Have We Reached a Collaboration Tipping Point?
JP Rangaswami's Supernova 2007 presentation was my highlight. I listened to the software initiatives he described, including BT's partnership with open source wiki provider TiddlyWiki. I wondered how did JP talk an estabished telecom company into these innovative initiatives, and how will these steps translate into British pounds?
A year on BT is a proud sponsor of a television special series, "Collaboration", hosted by Donny Deutsch on CNBC. I don't know what audience BT is targeting (given the 8pm U.S. ET Sunday time slot), but you can find video excerpts on the CNBC site revealing the interesting array of presenters the program taps.
Sunday night's episode titled "Profiting from Collaboration" included:
i. Ted Leonsis, (who lead AOL's Greenhouse program that created the Motley Fool and IVillage brands) talking about his long tail independent film venture, SnagFilms.
ii. NetFlix CEO, Reed Hastings, addressing questions about NetFlix high stake, million dollar challenge, to enhance their movie recommendation algorithm, Cinematch. NetFlix is engaging outside talent in it's search for a 10% performance improvement. Hastings indicated some 25,000 people have joined the chase. Competition leaders are listed on the Leader Board. The current leader shows a 9.44% improvement.
It seems everywhere I look there is a story promoting the value of collaboration. Via Twitter Andrew McAfee mentioned the November 2008 HBR article "John Chambers Sees the Future" that comes with a video explaining his "collaborative business model". The Fall MIT Sloan Review offers "An Inside View of IBM's 'Innovation Jam'". Ziff Davis is promoting through Baseline, CIO Insight and eWeek it's "Enterprise 2008 Collaboration Survey" that finds "collaboration tools.. are among the most important technologies for 2008".
Does the BT sponsored "Collaboration" program on CNBC indicate a tipping point from awareness to adoption of collaboration as business performance essential in a global world?

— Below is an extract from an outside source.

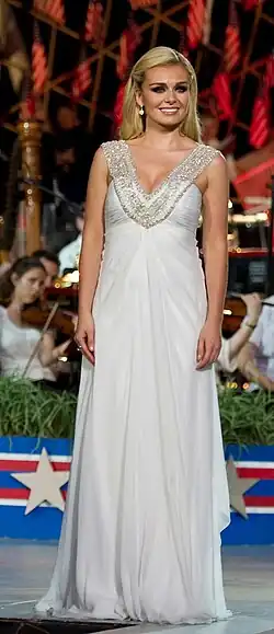 Katherine Jenkins OBE (born 29 June 1980) is a Welsh singer. She is a mezzo-soprano and performs operatic arias, popular songs, musical theatre, and hymns.[1][2][3]
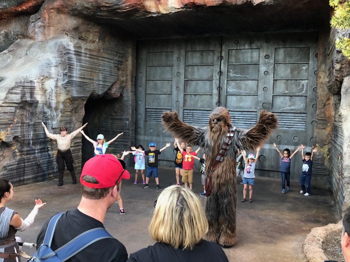 Chewbacca was also found outside Black Spire Outpost. You can see him here playing a game called “X-wing, A-wing,” which is a Batuu version of the game “green light, red light.”

No doubt, from a technology adoption perspective, collaboration tools are everywhere from enterprise wide platforms (Lotus, Sharepoint and JIVE) through grassroots use of wikis and blogs. Individually employees are connecting beyond enterprise walls on consumer social networking platforms like Facebook and Twitter. But is the collaboration the technologies enable creating maximal value for the enterprises that are paying the bills?
I cannot help but raise the question, surrounded as we are by a global financial crisis that represents a massive failure in collaboration. While technology enabled global trading in credit default swaps, responsibility for the failures lies with humans and management. Stories abound of the problems from lack of AIG headquarters oversight of the UK trading unit that wrote risky instruments against the corporate balance sheet, to Greenspan’s choosing belief in open market models that had served him well for 40 years over carefully prepared advice from regulatory authorities about the risks involved.
No doubt collaboration technologies have arrived. However, as the financial crisis unfortunately makes abundantly clear, effective use demands thoughtful participation by all individuals in organizations and clear headed leadership to maximize the potential.
~ Jenny Ambrozek


I have a suspicion it would also involve the re-education of the entire profession of auditors. How he's done what he's managed within BT (having worked there once a long time ago) is quite beyond me!